Outrage over drivers being fined in Sydney for exceeding the limit of just 3 km/h in the 50 km/h zone

Outrage at Sydney motorists being fined for driving just a few miles above the speed limit, fearing police have secretly lowered camera tolerance

  • Sydney driver Justin said he had been fined four times in the past three weeks
  • He said he was speeding between 3km and 6km in the 50km/h zone
  • Motorcycle expert Josh Dowling said the government has lowered the speed limit

Sydney police have been accused of secretly reducing the speeding fine after motorists were fined for barely going over the speed limit.

Justin, who has been driving on Sydney’s north coast for some 20 years, said he has been fined four times in the past month for driving between 3km/h and 6km/h over the limit in a 50km zone. /you.

“I’ve done something wrong, I’m not denying it, but I was beginning to think it couldn’t be a coincidence… something must have changed,” he said. 2GB radio on Thursday.

Josh Dowling, the national auto editor for Drive.com, said he believed the government was secretly reducing tolerance for speed cameras to catch drivers driving slightly over the limit.

“This is a shame, as the portable signs around speed camera locations were removed, they also lowered the barrier for people to cross the line,” he said.

“It means they’re catching many, many more people than before.”

Mr Dowling said that although it was not known what the threshold was, it was clear from Justin’s experience that the police were cracking down on motorists around Sydney.

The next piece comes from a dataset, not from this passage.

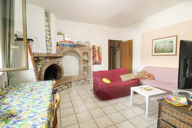 Una scala esterna conduce al secondo appartamento, al primo piano, con ingresso su un'ampia zona giorno open space, composta da soggiorno, cucina abitabile e zona relax con camino. La zona notte include una camera matrimoniale, due camere singole e bagno finestrato con vasca. Completa il piano un balcone semi-perimetrale.
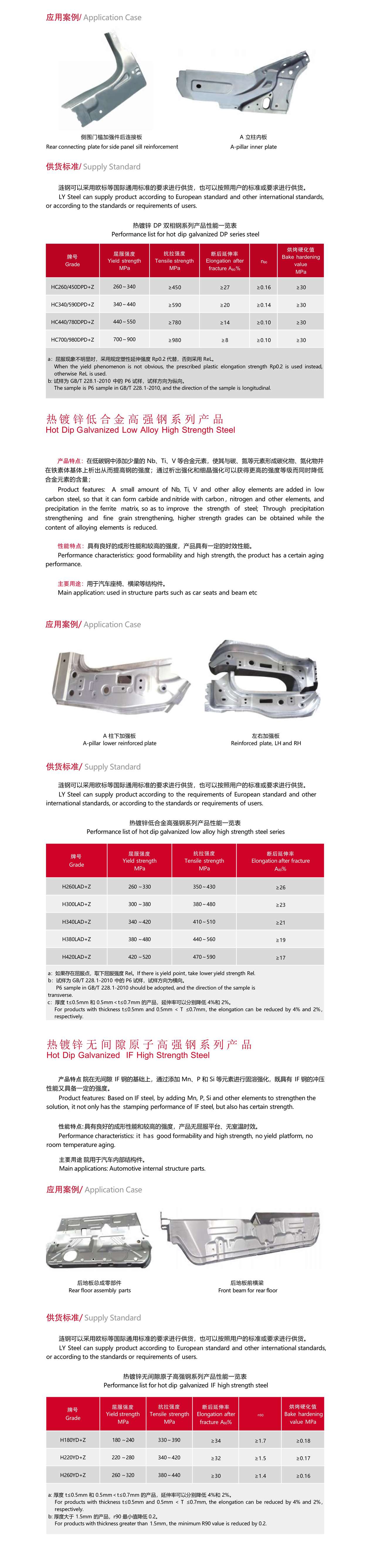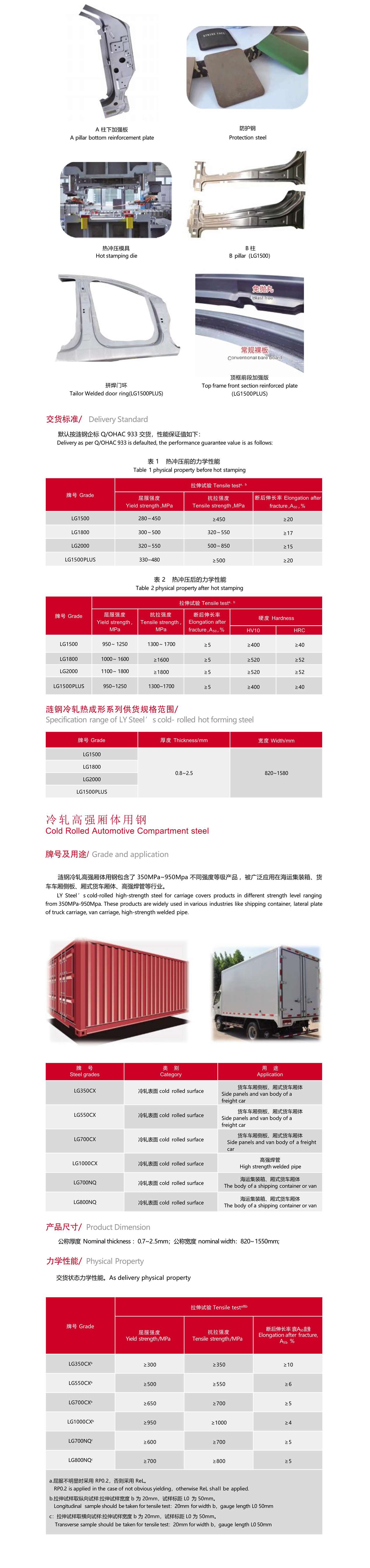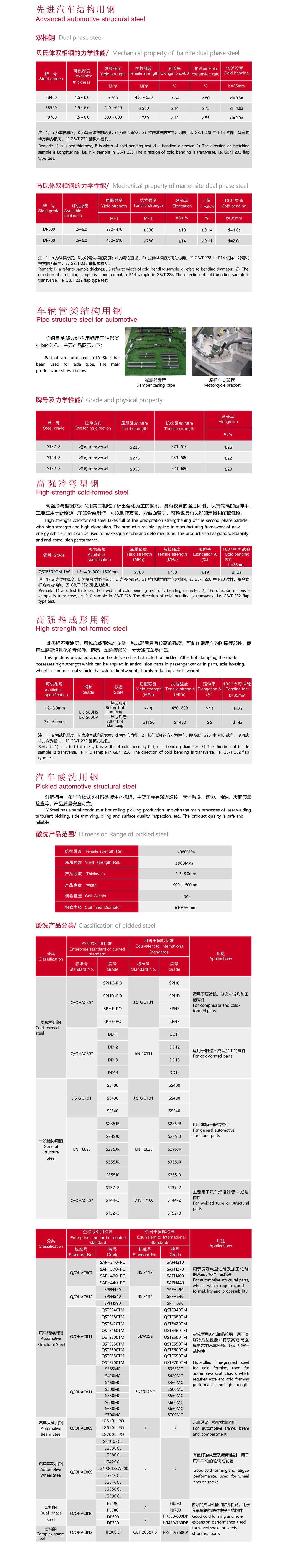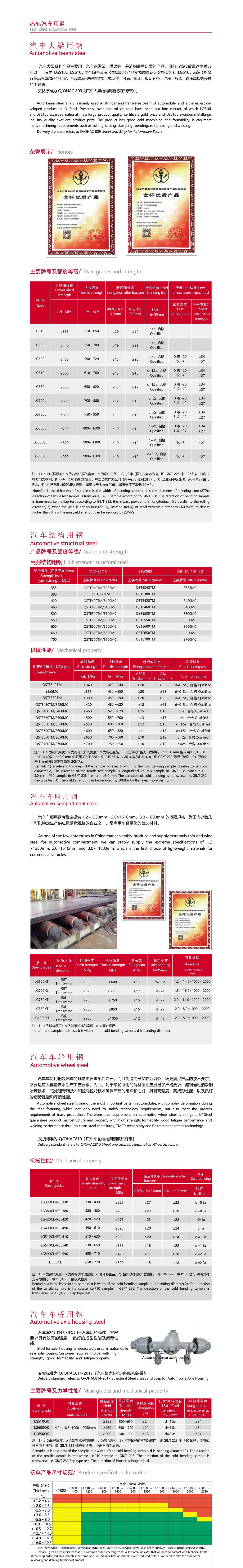 汽車大梁系列產(chǎn)品主要用于汽車的縱梁、橫梁等,是漣鋼最早研發(fā)的產(chǎn)品,目前市場投放量達(dá)到百萬 噸以上,其中 LG510L LG610L 兩個(gè)牌號(hào)榮獲《國家冶金產(chǎn)品實(shí)物質(zhì)量認(rèn)證金杯獎(jiǎng)》和 LG510L 榮獲《冶金 行業(yè)品質(zhì)卓越產(chǎn)品》獎(jiǎng)。產(chǎn)品具有良好的冷加工成型性,可滿足剪切、縱切分條、沖壓、折彎、輥壓焊接等多種 加工要求。

The changes would have come into effect about nine months ago, Mr Dowling said.

NSW Transport said it could not comment on speed camera tolerance.

However, since the beginning of the year, $22 million in fines have been issued for low-speed speeding violations, up 1,500 percent from the same period last year.

Justin said he did not believe it was a ‘good judgment’ by the government to issue such fines amid the Covid-19 outbreak and the lockdown in Sydney.

A driver in Sydney was fined for driving just 3 km over the limit in a 50 km/h zone

A driver in Sydney was fined for driving just 3 km over the limit in a 50 km/h zone

In NSW, for speeds up to 10 km/h above the limit, the fine is $123 and one penalty point.

“After this pandemic is over, there will be fines everywhere,” Justin said.

Mr Dowling said drivers should pay attention to the road and not constantly check their speedometer.

“Picking people out for a few miles over the limit isn’t about road safety, it’s clearly about getting the money in the bank,” he said.

The government has previously been criticized for removing the warning signs for mobile speed cameras.

The decision to remove the signs left drivers coughing up $4 million for low-speed driving violations in May alone, according to opposition leader Chris Minns.

Minns labeled the removal of warning signs a “blatant money robbery” and called for a return to highly visible policing on the roads.

Since the beginning of the year, a total of $22 million in fines has been issued in NSW for low-speed speeding violations, an increase of 1,500 percent from the same period last year.

Since the beginning of the year, a total of $22 million in fines has been issued in NSW for low-speed speeding violations, an increase of 1,500 percent from the same period last year.

Since the beginning of the year, a total of $22 million in fines has been issued in NSW for low-speed speeding violations, an increase of 1,500 percent from the same period last year.

“The NSW government has come up with a way to hit families with hundreds of dollars for low-range speeding by hiding the cameras,” he said.

Earlier this month, the government was forced to backtrack as NSW Transport Secretary Andrew Constance announced that fixed warning signs for the mobile speed cameras would be reinstated statewide.

“We are already seeing a change in driver behavior with 3.5 drivers caught by the cameras per enforcement hour in June, compared to 5 drivers per hour in February, and we want that downward trend to continue with these new ones. plates,” he said. .

“Speeding is the leading cause of death on our roads, last year nearly 50 percent of fatalities were caused by someone driving at an inappropriate speed.”